Professor Dawn B. Woodard received a B.S. degree in mathematical and computational science from Stanford University and holds M.S. and Ph.D. degrees from Duke University, where she studied in the Department of Statistical Science. She joined ORIE in Fall 2008 and currently teaches the Statistical Data Mining course, which deals with extracting information from large sets of data in order to draw conclusions relevant to business and other problems. In welcoming Woodard to ORIE and the wide Cornell community of Statistical Science, Professor Bruce W. Turnbull noted that "with the rapid advances in computer technology and electronic data capture, the vast data sets that are available in fields such as marketing, finance, manufacturing, genomics, geographic information systems, etc, present an added set of challenges to a statistician."
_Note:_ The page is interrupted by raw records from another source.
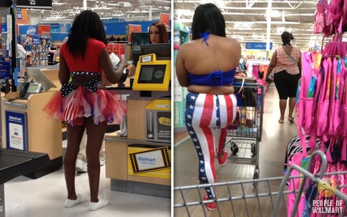 Уж лучше мы на пляж в вечернем платье и в брюликах будем ходить, чем, как они, в магазин в таком виде, правда? ;)
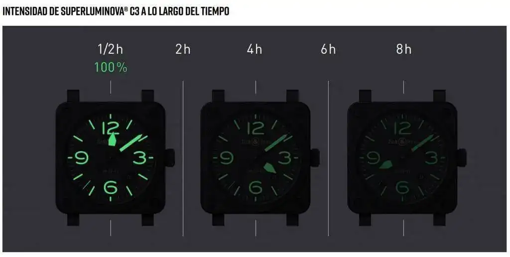 La Superluminova® C3, que recuerda a uno de los tonos mates más históricos, el del tritio de los relojes vintage militares, no se degrada con el tiempo, no presenta de forma evidente perjuicio alguno relacionado con la radioactividad y conserva con constancia su color diurno. Es más, los ciclos de carga y descarga de su luminosidad se suceden indefinidamente sin alterar en ningún momento su eficacia. De impresionante potencia, la Superluminova® C3 recarga rápidamente su fotoluminiscencia y presenta características excepcionales de intensidad luminosa. Por si fuera poco, la restitución de la luz en las agujas, los índices y las cifras dura mucho más que otros tipos de Superluminova de uso común en el mercado, con una conservación sin igual de la fotoluminiscencia.
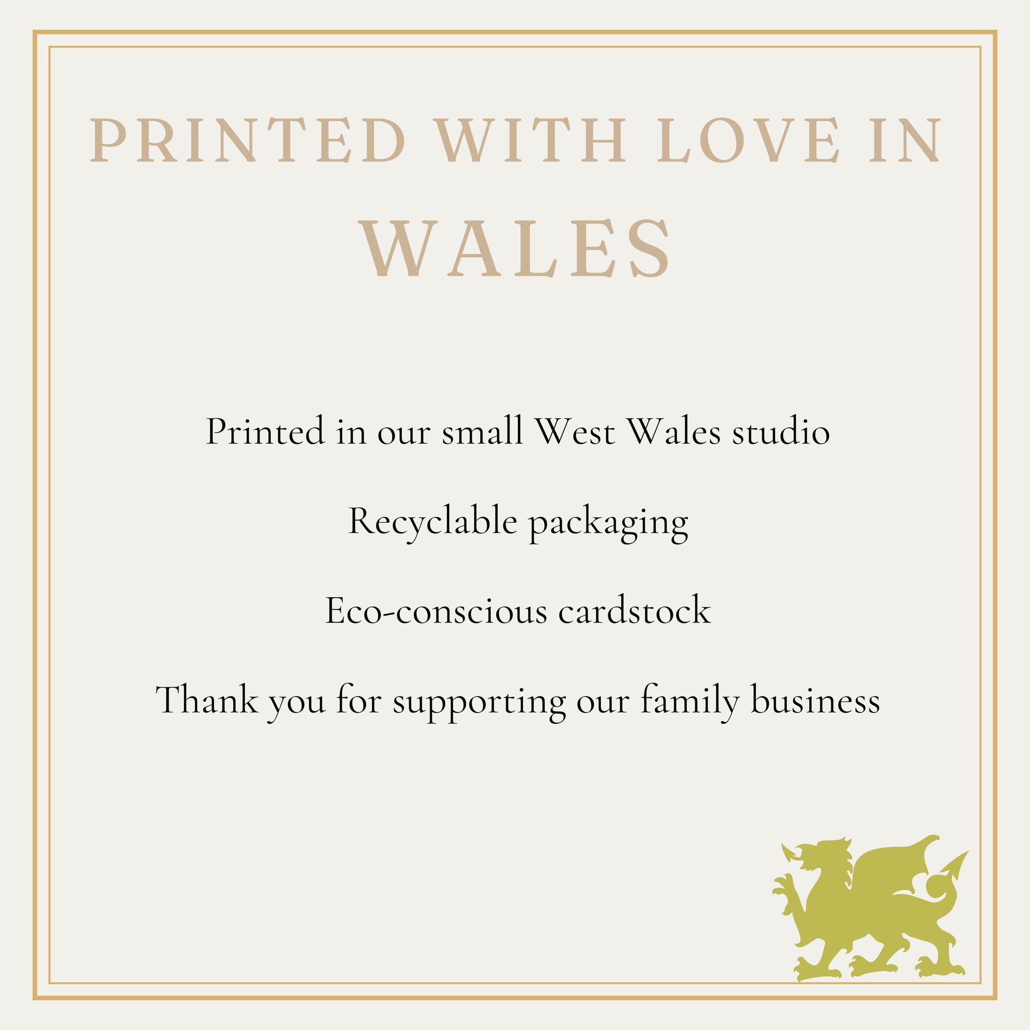 Our cards are 6x6 inches and printed on luxurious 300gsm textured cardstock, accompanied by a premium white envelope. Every design is printed and packed in our West Wales studio with care and attention to detail.
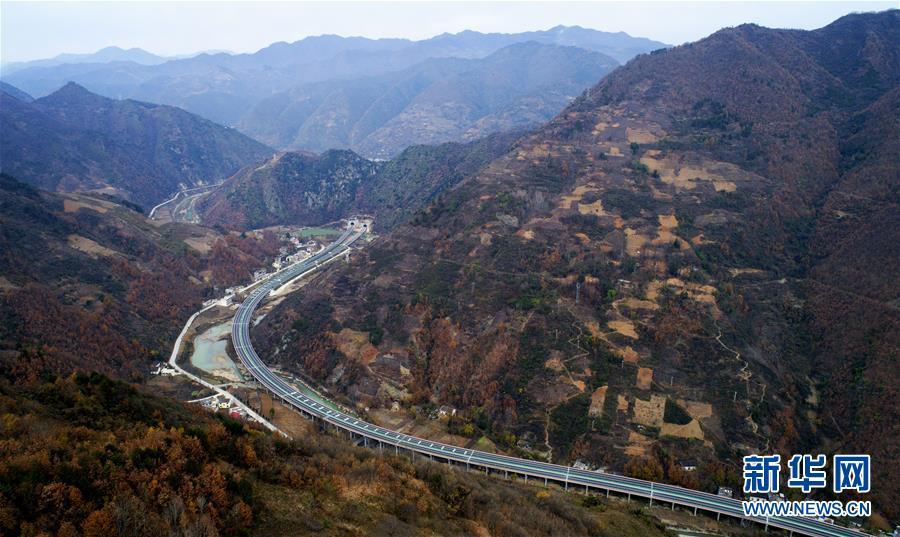 11月20日拍攝的水陽(yáng)高速公路黃家灣特大橋路段(無(wú)人機(jī)拍攝)。 近日,記者從陜西省交通建設(shè)集團(tuán)公司了解到,陜西柞水至山陽(yáng)高速公路已全線貫通即將通車(chē)。據(jù)介紹,(柞)水(山)陽(yáng)高速公路全長(zhǎng)78.8公里,開(kāi)通后將實(shí)現(xiàn)包茂高速、福銀高速在陜南商洛地區(qū)的連接,開(kāi)辟出秦嶺南麓的一條橫向高速大通道,對(duì)完善陜西高速公路路網(wǎng)結(jié)構(gòu)、促進(jìn)陜南區(qū)域經(jīng)濟(jì)發(fā)展、加快山區(qū)群眾脫貧致富具有重要意義。 新華社記者劉瀟攝
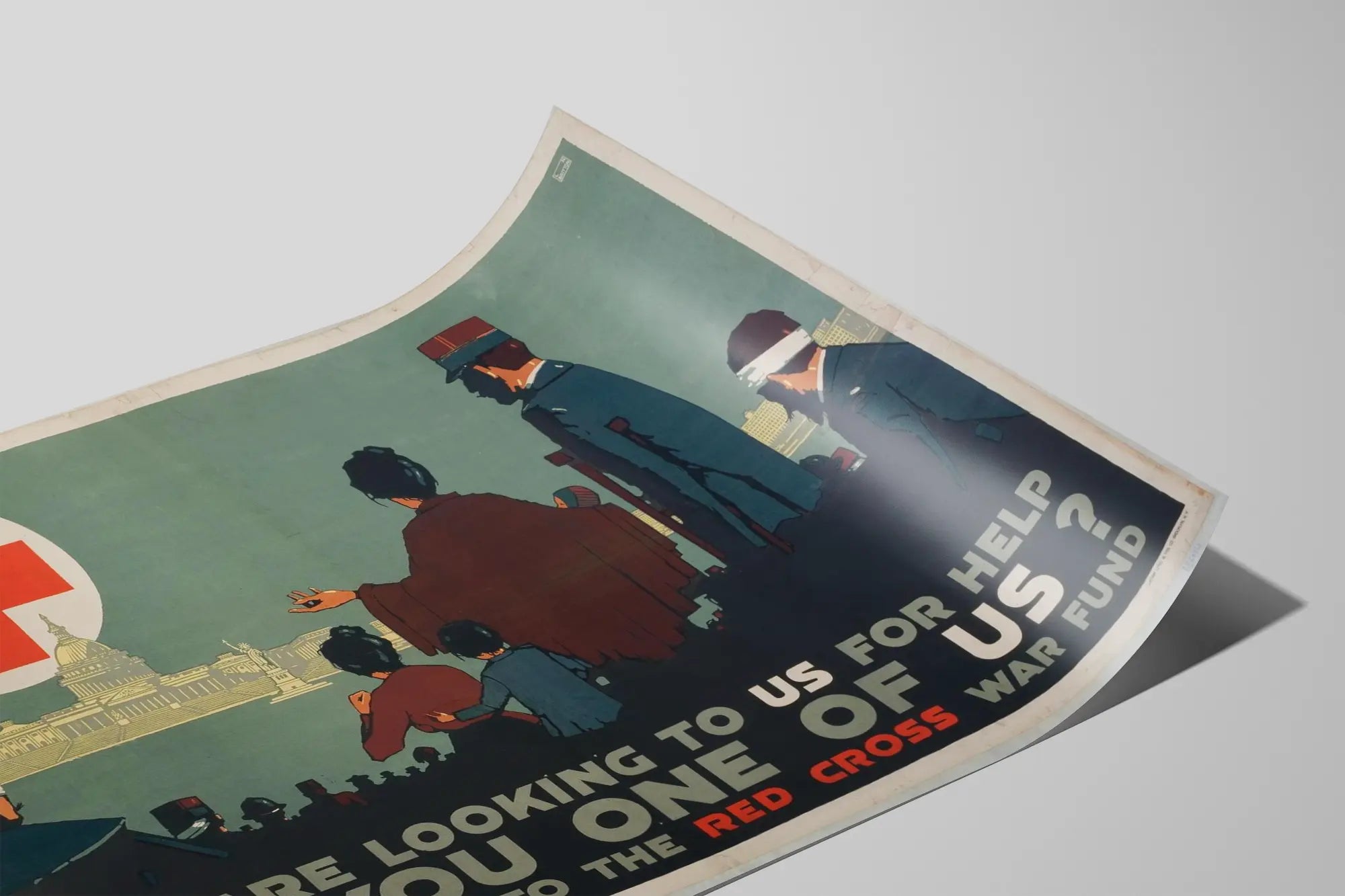 Cette affiche vintage illustre un appel puissant à la solidarité en faveur de la Croix-Rouge durant une période de guerre. Les silhouettes sombres d'hommes, de femmes et d'enfants amputés et blessés regardent vers une grande croix rouge, symbole universel de secours et d’assistance. La scène centrale montre clairement l’importance de l’entraide et du soutien aux victimes de conflits. Le fond architectural évoque une ville emblématique, renforçant le message d’urgence et d'appel à la mobilisation générale. Ce poster vintage est un exemple frappant de décoration murale à la fois riche en histoire et chargé d’émotion, idéal pour une déco d’intérieur qui souhaite combiner engagement et esthétisme. Son style graphique caractéristique des affiches de propagande humanitaire du début du XXe siècle utilise des couleurs sobres et contrastées, avec un usage stratégique du rouge pour attirer le regard vers la Croix-Rouge et le texte incitant à l’action. Cette décoration murale au style rétro se présente comme une pièce forte, capable d’apporter une touche à la fois historique et artistique à un espace personnel ou professionnel. L’affiche est parfaitement adaptée pour être encadrée et exposée dans des lieux variés comme des bureaux, des espaces associatifs ou des intérieurs modernes recherchant une ambiance engagée. En tant que poster, elle allie un message clair et symbolique à un design graphique intemporel, faisant d’elle un objet décoratif à la fois esthétique et chargé de sens. Ajouter cette affiche à votre collection de décoration murale, c’est aussi intégrer une pièce racontant une histoire de solidarité et d’humanité, évoquant le rôle crucial des organisations humanitaires pendant les conflits mondiaux.
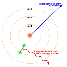 - As electron moves from a low potential energy level to a high potential energy level the difference in energy is used to emit Light of Quantum Energy or Photon Light
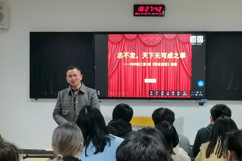 本网讯(文/建筑工程学院 霍超 图/大学生记者团 张元昊)为进一步加强大学生职业规划能力,11月18日下午,建筑工程学院在6332教室举行了“志不定,天下无可成之事”职业定位专题讲座。本次讲座由校长助理简玉刚主讲,建筑工程学院辅导员霍超以及20工造1班全体同学参加。
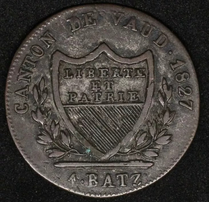 1827 1 Batzen, Canton De Vaud, Switzerland KM-20
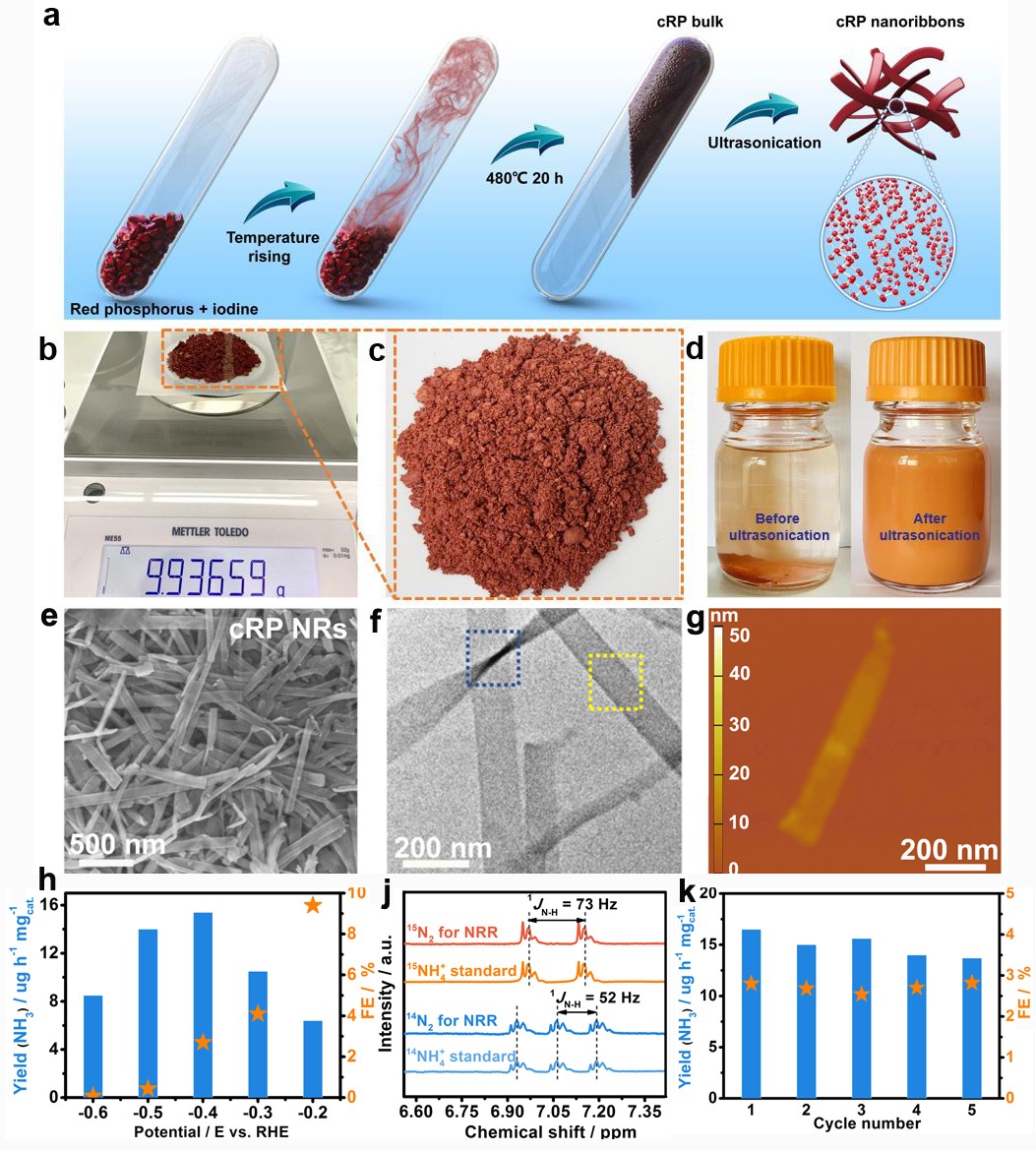图:(a)晶态红磷块体及纳米带制备流程图;(b,c) 10克晶态红磷样品;(d) 超声前后样品的照片;晶态红磷纳米带: (e) 扫描电镜图;(f) 透射电镜图;(g) 原子力显微镜图;(h-k) 电化学固氮性能数据图。

While a graduate student, Woodard was a contractor for Insightful Corporation, the makers of a popular statistical software package called S-PLUS. There she developed and tested software to assist users of S-PLUS in areas such as drug safety, determination of appropriate doses, and analysis of what happens to an ingested pharmaceutical in the body. She has also worked for SAS Institute (also a statistical software vendor); for Peakstone Corporation, a start up company providing tools to manage business performance; and for Rockwell Scientific, now part of Teledyne.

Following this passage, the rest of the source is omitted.